Begin with the line below holding "Reveló sus más" and go on through the line holding "喜临门【MDX】A类控温被子春秋被芯抗菌四季被加厚冬被太空被 子母被(夏凉被+春秋被) 200*230cm", duplicating each line exactly and leaving out pictures.

### [GIVEN RECORDS]
********

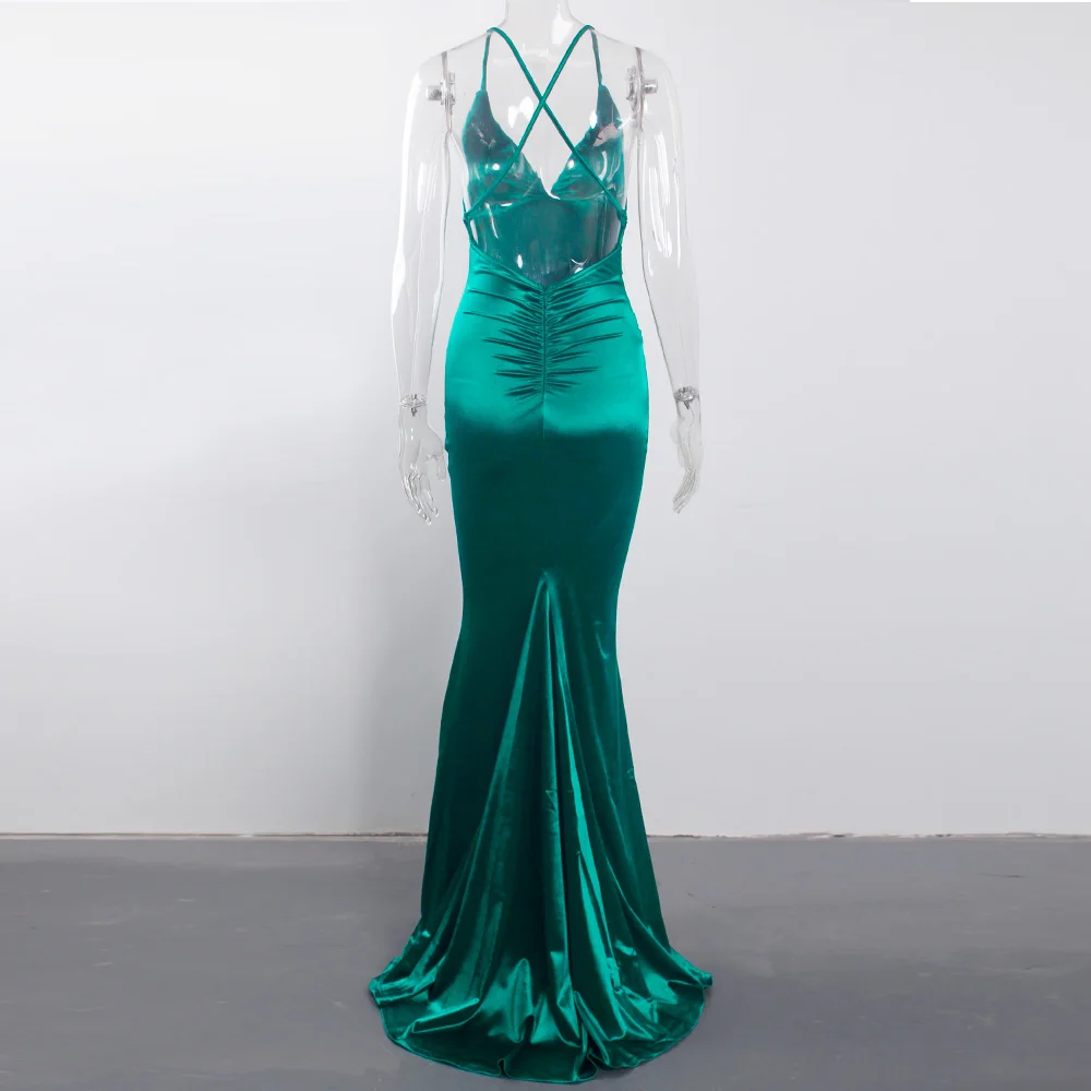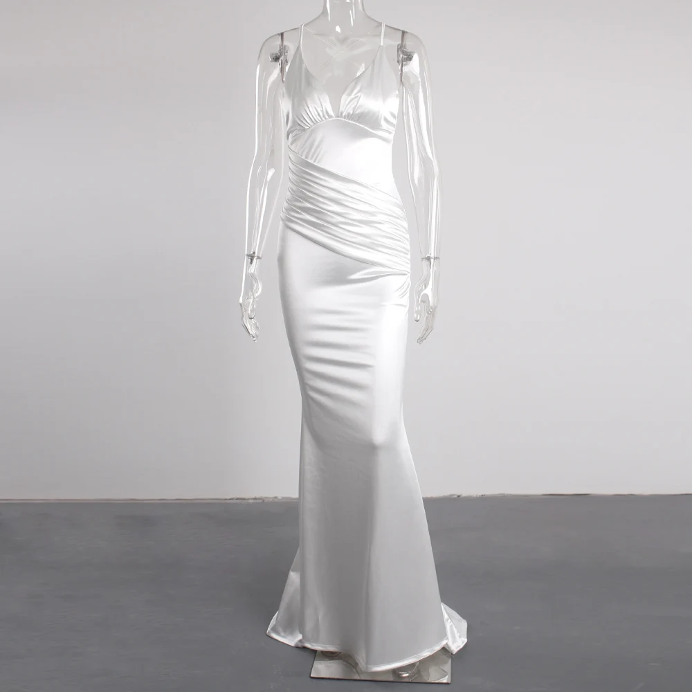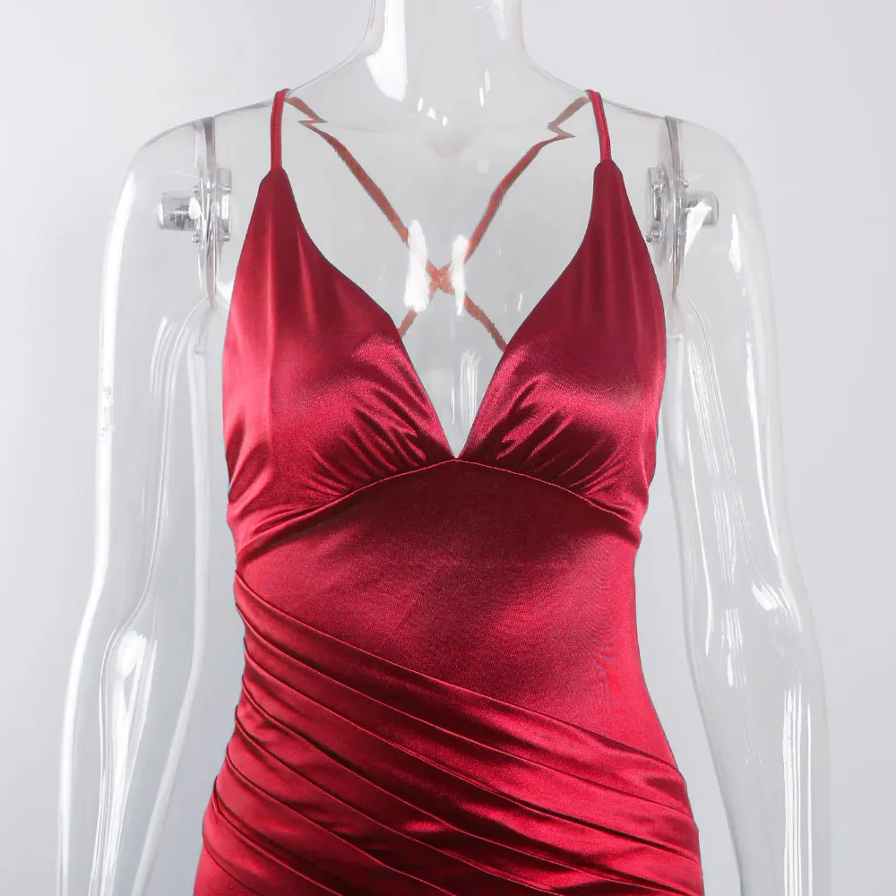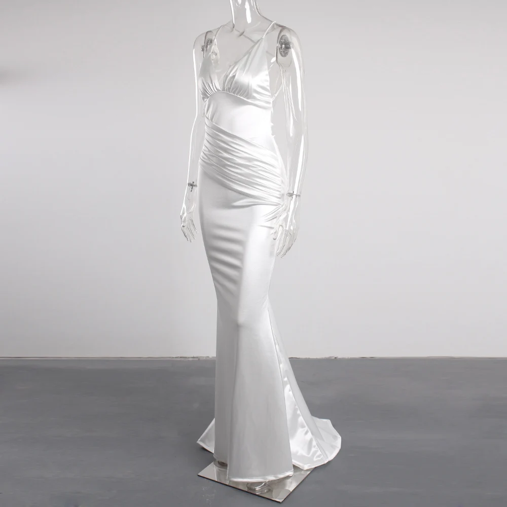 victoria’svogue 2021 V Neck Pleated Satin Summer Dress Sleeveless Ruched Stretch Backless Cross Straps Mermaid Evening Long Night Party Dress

********

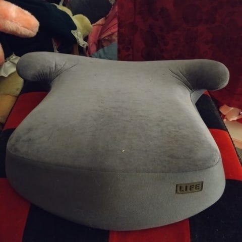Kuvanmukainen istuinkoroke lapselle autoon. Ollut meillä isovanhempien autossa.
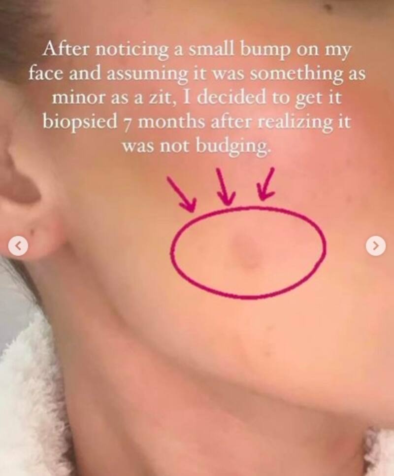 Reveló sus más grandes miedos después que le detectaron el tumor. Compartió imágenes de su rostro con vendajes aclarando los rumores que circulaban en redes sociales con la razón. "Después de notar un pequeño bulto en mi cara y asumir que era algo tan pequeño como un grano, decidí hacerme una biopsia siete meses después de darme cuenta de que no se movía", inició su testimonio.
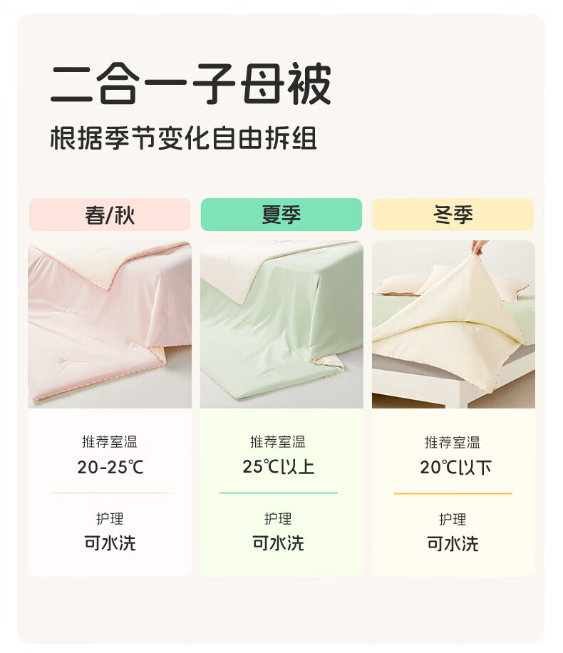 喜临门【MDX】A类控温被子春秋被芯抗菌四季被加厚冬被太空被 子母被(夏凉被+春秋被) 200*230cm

********

### [ANSWER FOR THE TASK]
 Reveló sus más grandes miedos después que le detectaron el tumor. Compartió imágenes de su rostro con vendajes aclarando los rumores que circulaban en redes sociales con la razón. "Después de notar un pequeño bulto en mi cara y asumir que era algo tan pequeño como un grano, decidí hacerme una biopsia siete meses después de darme cuenta de que no se movía", inició su testimonio.
 喜临门【MDX】A类控温被子春秋被芯抗菌四季被加厚冬被太空被 子母被(夏凉被+春秋被) 200*230cm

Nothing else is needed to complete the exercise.